When golf pros and fans pull up to England’s Wentworth Club for the BMW PGA Championship, they’ll be driving in over a little-known slice of World War II history.
About 30 feet under the club’s parking lot is a sprawling bunker that was constructed by the British military and used after the war’s outbreak in 1939.
The ultraexclusive golf club, where the tournament will be played from Thursday through Sunday, sits on the Wentworth Estate in the village of Virginia Water, in Surrey, about an hour southwest of London. Now home to some of the most expensive property in the country, Wentworth was once one of many country estates requisitioned by the British military during the war.
The site was intended to be a more secure alternative to central London, especially if German bombing eventually forced evacuations from the city.
“In the war planning in the late 1930s, it was identified as a possible future seat of government,” said Alex Windscheffel, a senior lecturer in modern British history at Royal Holloway, University of London, in Surrey. “You have to remember, in the late 1930s, there’s a lot of fear about the bombers” and what they could do to cities.
But the government stayed in London after all, so Windscheffel said, Wentworth “still gets used, but I don’t think it’s ever used quite in the way that was imagined.” The Wentworth Club declined to comment for this article.
The Wentworth Estate was instead used by different military entities. According to “Secret Underground London” by Nick Catford, in the early 1940s GHQ Home Forces, the unit tasked with defending Britain in the event of a German invasion, took up residence there, with its signals regiment decamping to the bunker.
The estate later became a rear headquarters of the Supreme Headquarters Allied Expeditionary Force, the Allied command overseeing the invasion of Europe, ahead of D-Day.
The bunker consists of two parallel tunnels, each 25 feet in diameter, about 300 feet in length and divided into 11 rooms, Catford wrote for a post on Subterranea Britannica, a U.K.-based charity that documents underground sites. A smaller service tunnel runs in between the two main tunnels.
Martin Dixon, a member of Subterranea Britannica, said in an interview that the tunnels were constructed using the same cast-iron segments as the London Underground tube network, which explains why the tunnels have a look familiar to any London commuter. Each segment is still marked with “LPTB,” for the London Passenger Transport Board, the entity that oversaw the city’s public transportation at the time.
A bombproof concrete slab was placed over the bunker when it was constructed, and is now part of the club’s parking lot. “The main access to the bunker was from within the clubhouse,” Dixon said. “So up above, there would have been lots of routine activity.”
Plans in Britain’s National Archives show that the military used the clubhouse and other homes on the estate as barracks and offices, and campsites were set up around the grounds. One campsite was nestled in a cluster of tennis courts.
Parts of the estate’s golf courses were left ungroomed or had barriers added so enemy planes couldn’t land. Virginia Water Lake, a short drive away, “was drained to prevent its use as a navigation landmark by enemy pilots,” according to the Wentworth Estate site.

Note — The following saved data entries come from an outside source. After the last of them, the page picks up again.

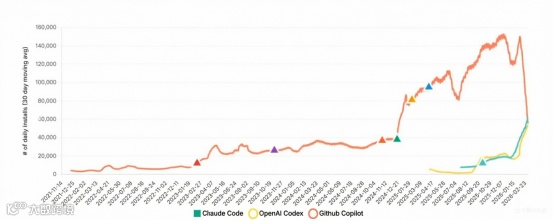 2026年初春,GitHub Copilot的曲线在VS Code安装量图表上骤然下坠——这位曾拥有2000万用户的AI编码先驱,在Claude Code与OpenAI Codex入场六个月内,就被竞品合力超越。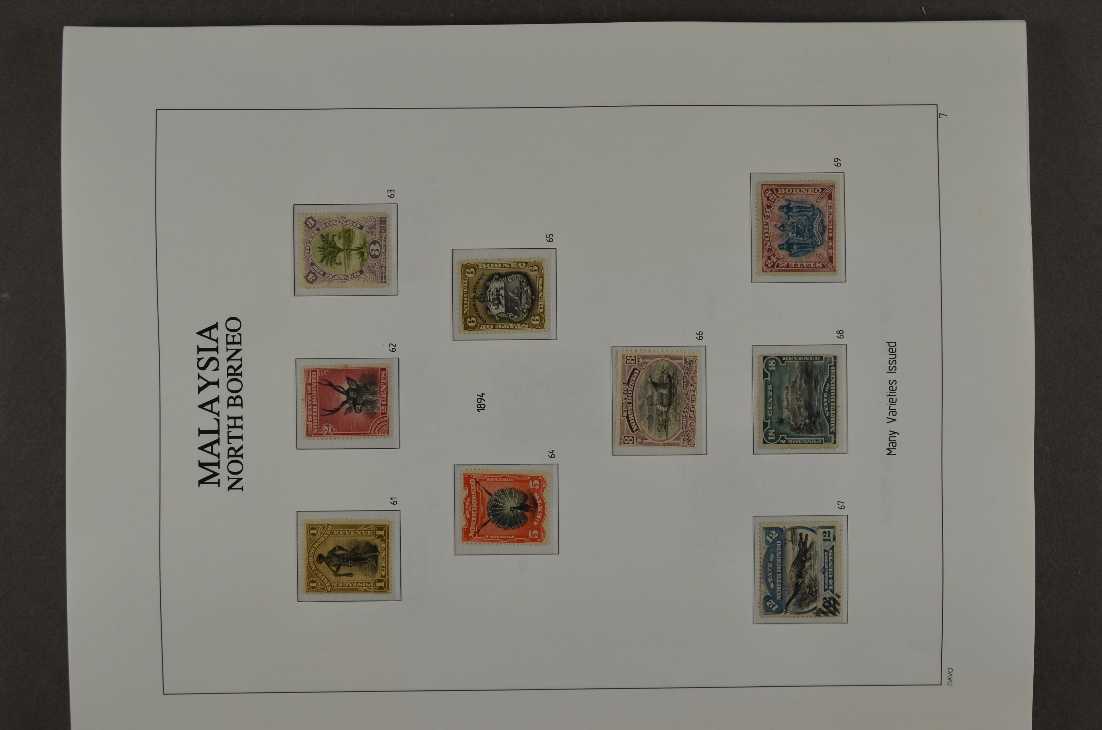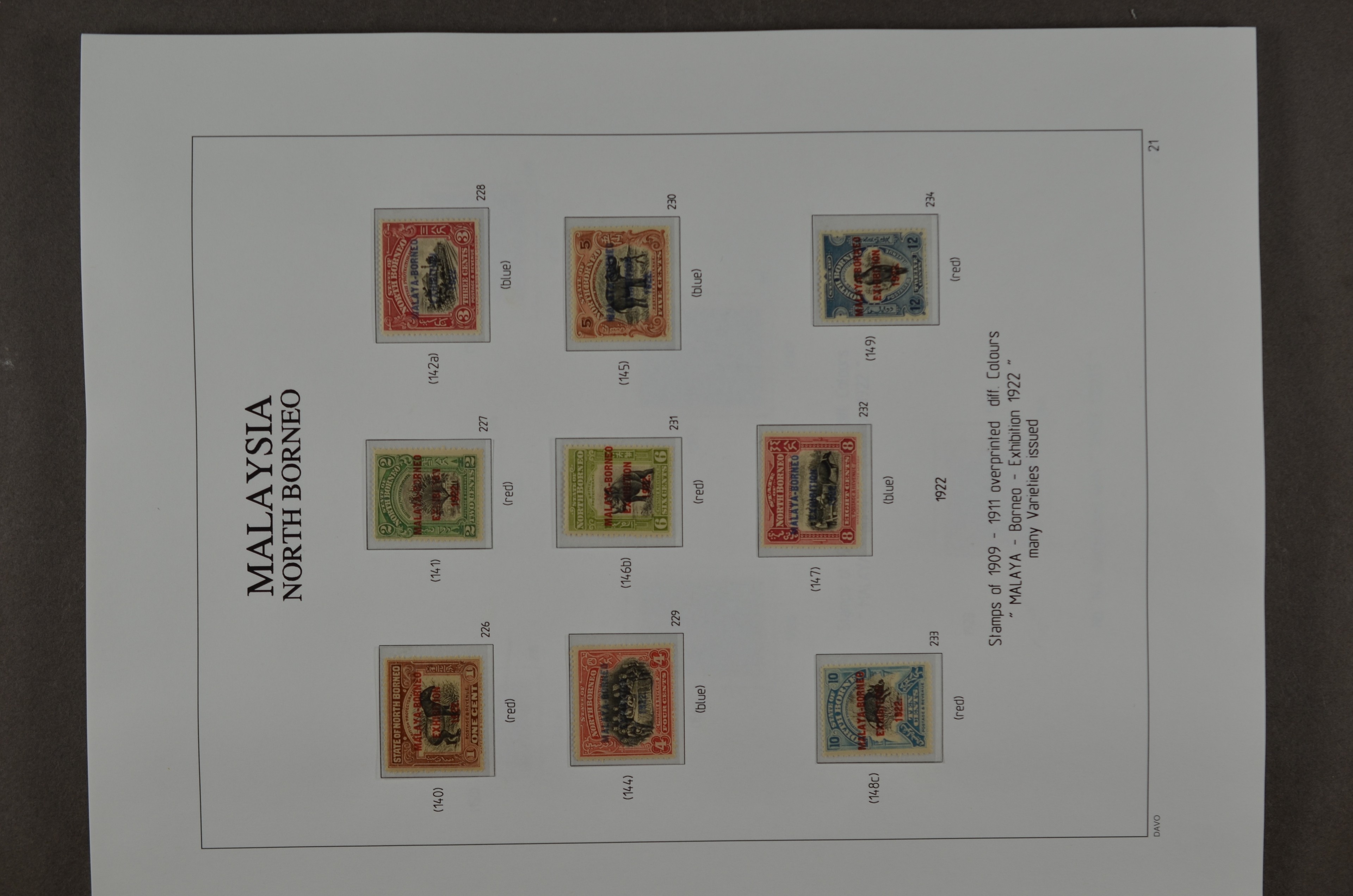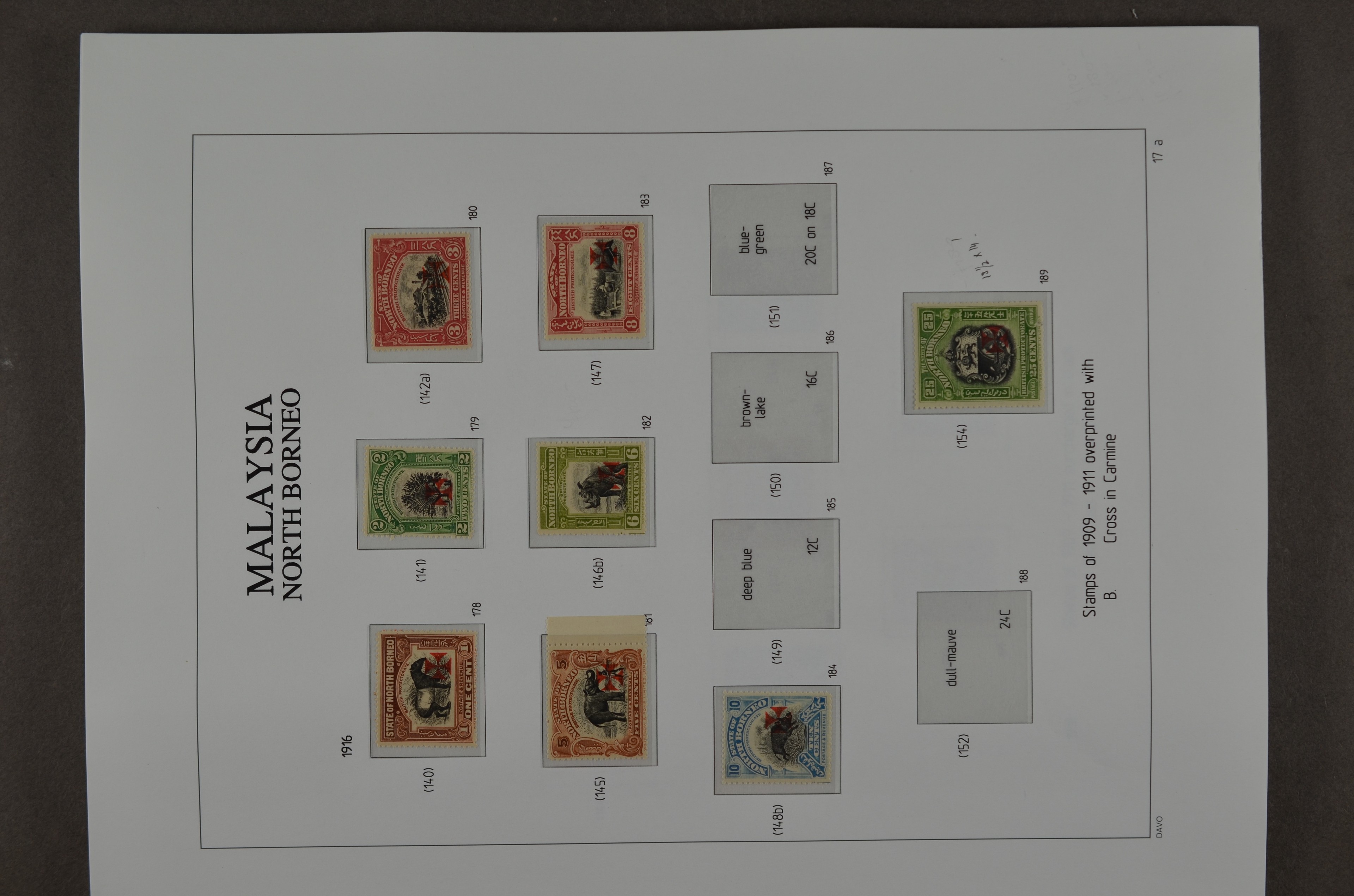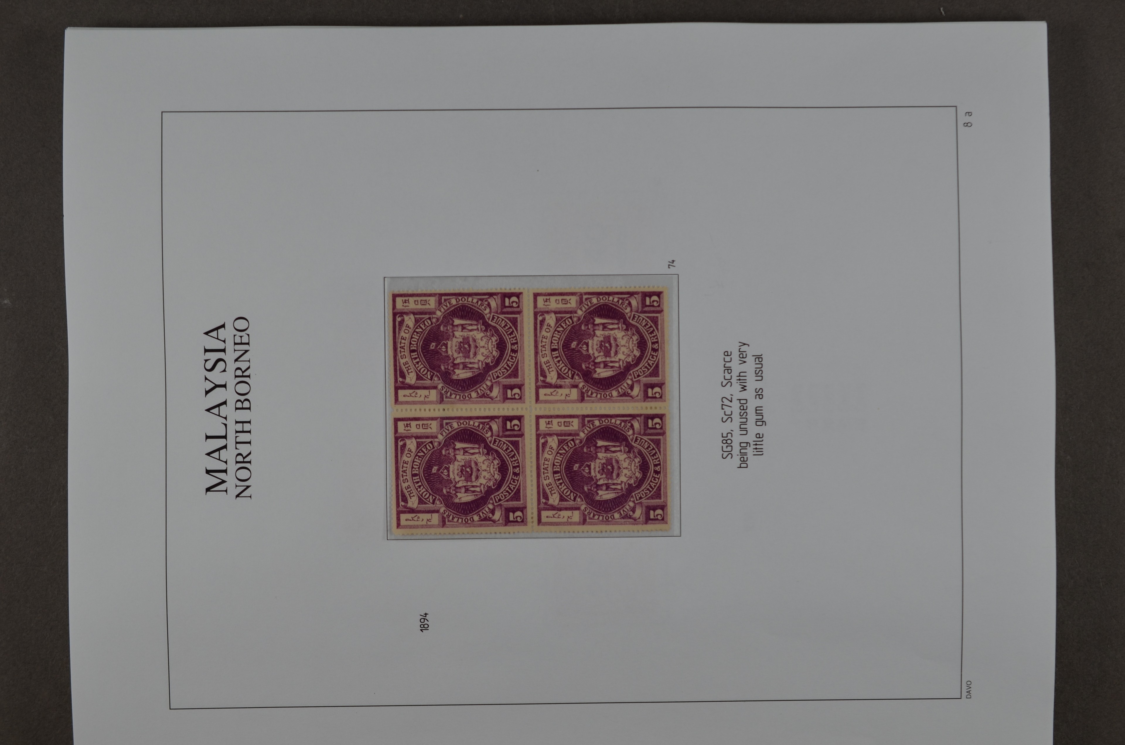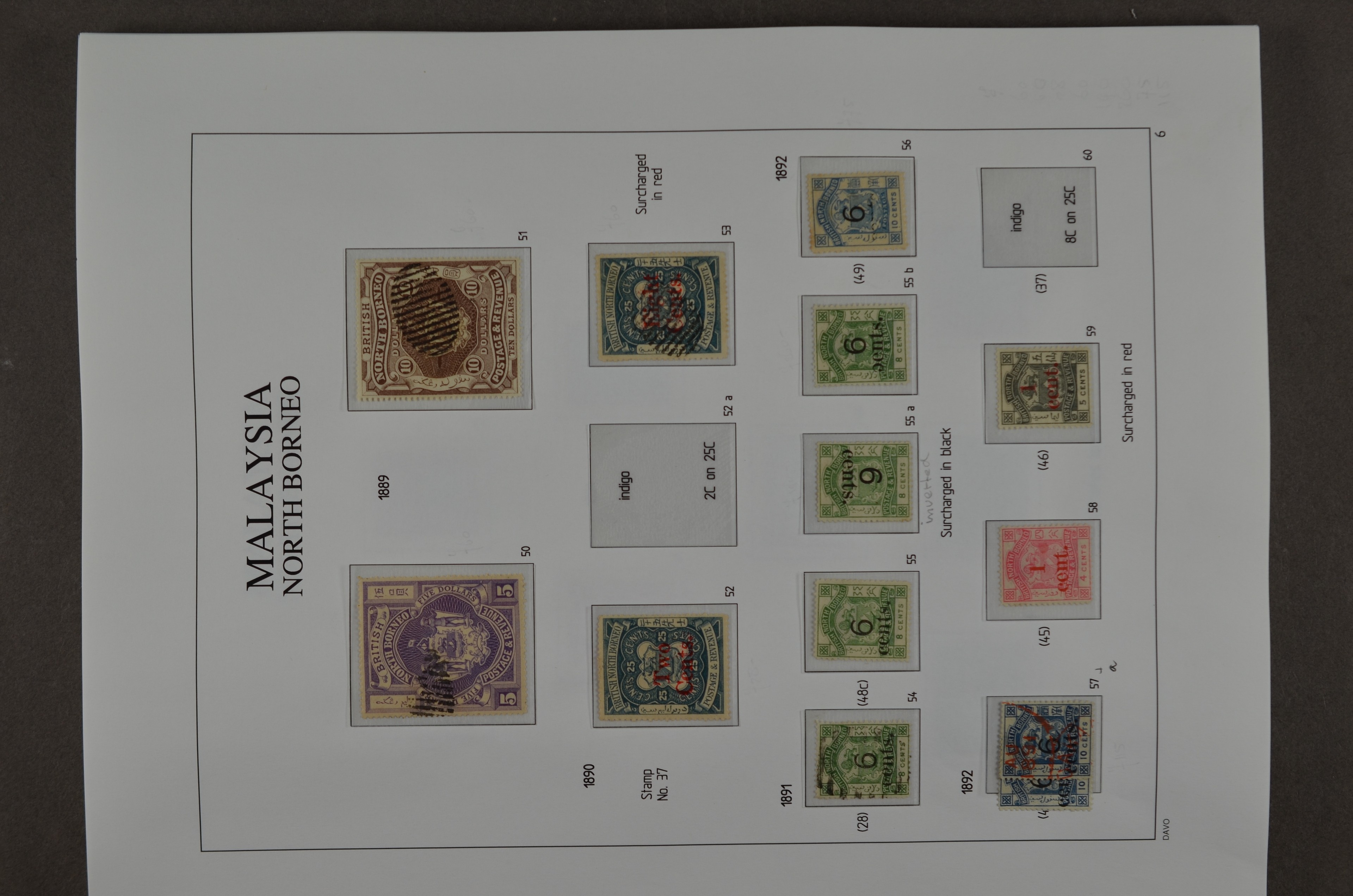 BR.COMMONWEALTH, North Borneo 1883-1963, o/*/**, beautiful collection on albumpages with several expensive numbers and sets including: S.G.55a, 55b, 85 (single and block of four), 112/24, 178/83 ($.10,- thin), 189/201, 213, 214/34, 235/52, 277/94, 295/302, 303/17, 320/30, 391/406, D45, D47, D85/89, etc., etc.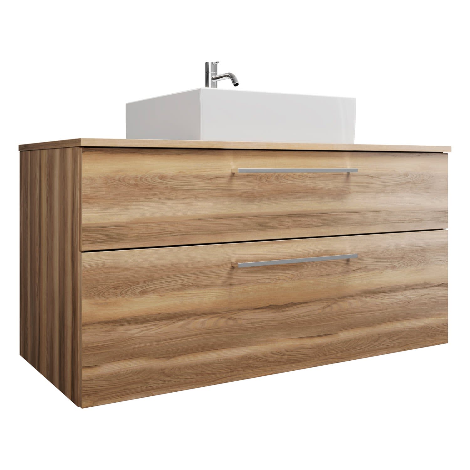 burgbad Eqio Waschtischkombination mit Keramik-Aufsatzwaschtisch 120 cm, mit Stangengriff P95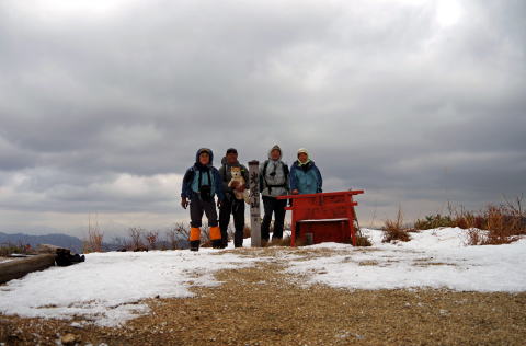 ![]() 光兎山々頂で4人と1匹記念撮影 気温は氷点下 |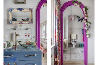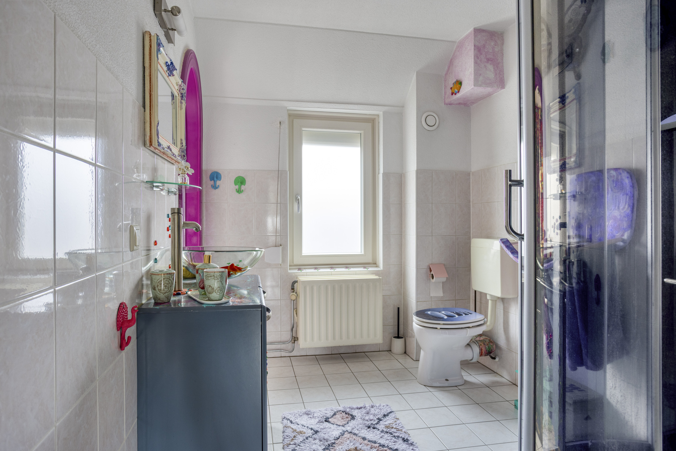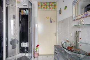De badkamer is deels betegeld en voorzien van een douchecabine, staand toilet en wastafelmeubel.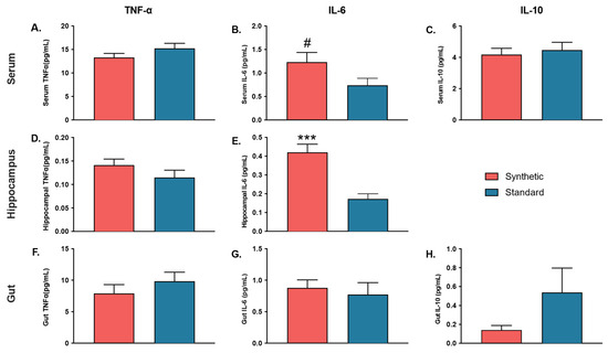 Cytokine (TNF-α, IL-6, IL-10) quantification in the serum (n = 10 per group), hippocampus tissue lysate (brain) (n = 10 per group), and colon tissue lysate (gut) (n = 5 per group). (A) Serum TNF-α; (B) Serum IL-6; (C) Serum IL-10; (D) Hippocampal TNF-α; (E) Hippocampal IL-6; (F) Gut TNF-α; (G) Gut IL-6; (H) Gut IL-10. Hippocampal IL-10 was excluded. Bars represent ± SEM. # p ≤ 0.10; (*** p ≤ 0.001).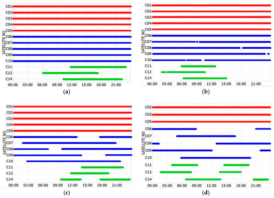 BDS satellite visibility at four sites in the northern hemisphere on Day 029/2015. SIN1 (a), DLTV (b), JFNG (c), and KZN2 (d). Red, blue, and green represent GEO, inclined geosynchronous satellite orbit (IGSO), and medium earth orbit (MEO) satellites, respectively.
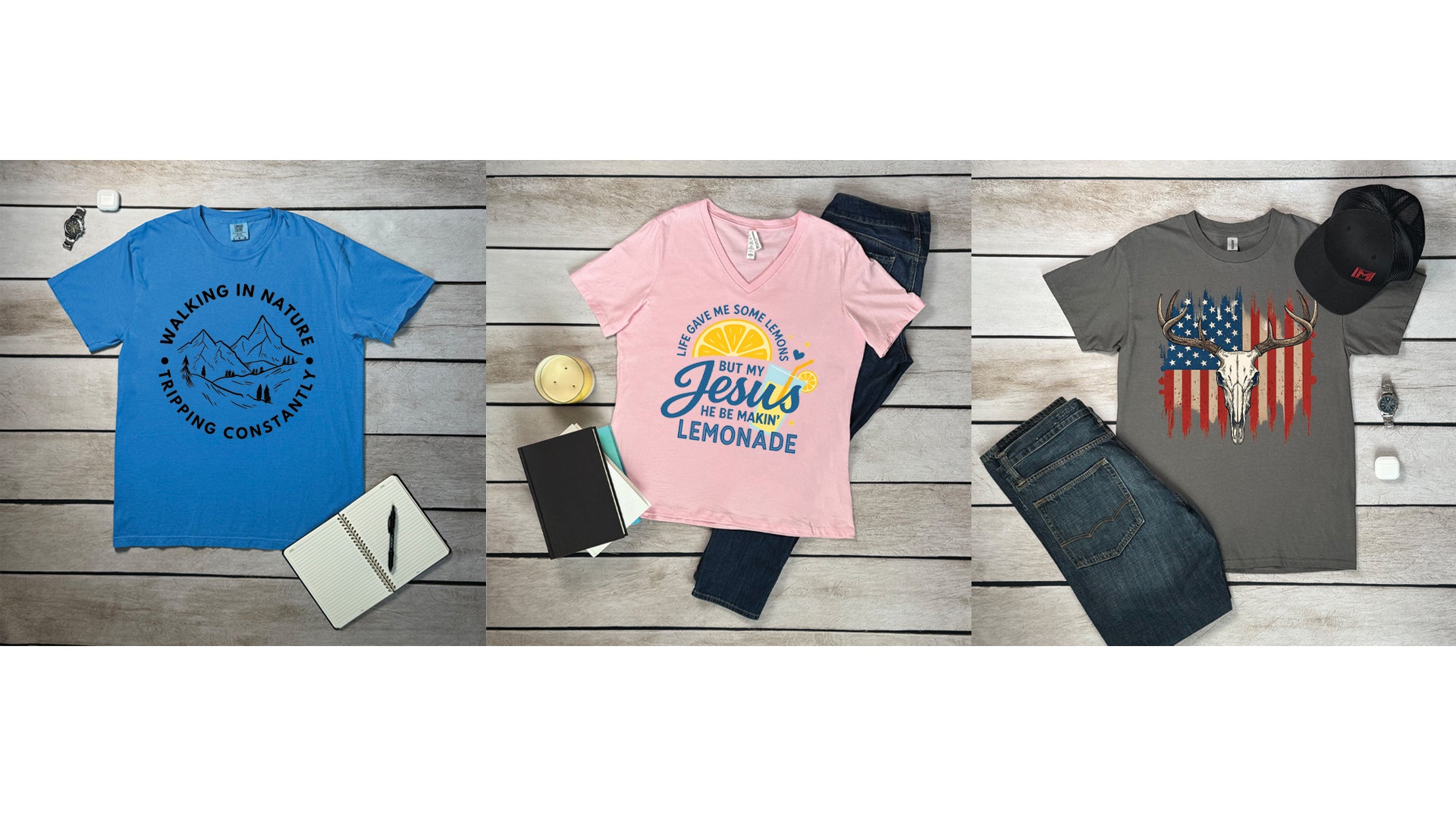 We use high-quality blank shirts from trusted brands: Gildan, Hanes, Comfort Colors, and Bella + Canvas. Each style is chosen for its comfort, durability, and fit.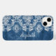 Sapphire Blue Moody Damask Pattern and Name Case-Mate iPhone Case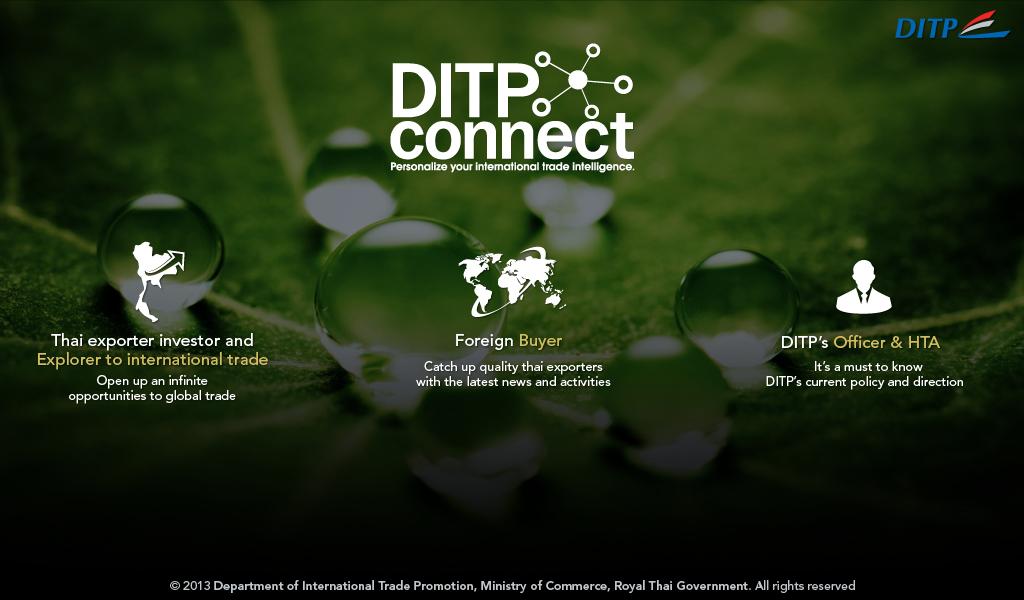 With the new Department of International Trade Promotion: DITP (Ministry of Commerce, Thailand) Mobile Application, "DITP Connect," it's the first Thai international trade application that allows "Personalized international trade information on your hand" and thus, it's hardly a surprise for anyone to miss key international trade intelligent information, trends and activities.

“It was all very hush-hush,” John Hammond, who helped build the camp, told the Surrey Herald in 1986. “You couldn’t get anywhere near the camp without a pass.” He added that the only civilian he knew of allowed inside the bunker was the electrician.
The Wentworth property was returned to its owners after the war, and the bunker was sealed. Though its structure is mostly preserved, the bunker’s walls are now covered with graffiti, and not much is left inside.
“Unfortunately when the army moved out they took everything with them, including the wooden floors,” wrote Ron Davis of the Egham-by-Runnymede Historical Society after visiting the bunker in 1990.
These days, the club rarely allows visitors to the bunker, though urban explorers seem to find their way down every so often, Windscheffel said.
“It’s potentially a very interesting historical site, but obviously it’s rather forgotten now and hidden away from the collective memory,” he said.
But Wentworth’s West course, where the tournament will be played, still holds a hint of the estate’s wartime legacy, even if it might be an apocryphal one:
The course is nicknamed Burma Road, a possible reference to a crucial supply route linking China and what is now Myanmar. As the story goes, it comes from an officer’s remark as he oversaw German prisoners clearing the overgrown West course after the war: “Let this be their Burma Road.”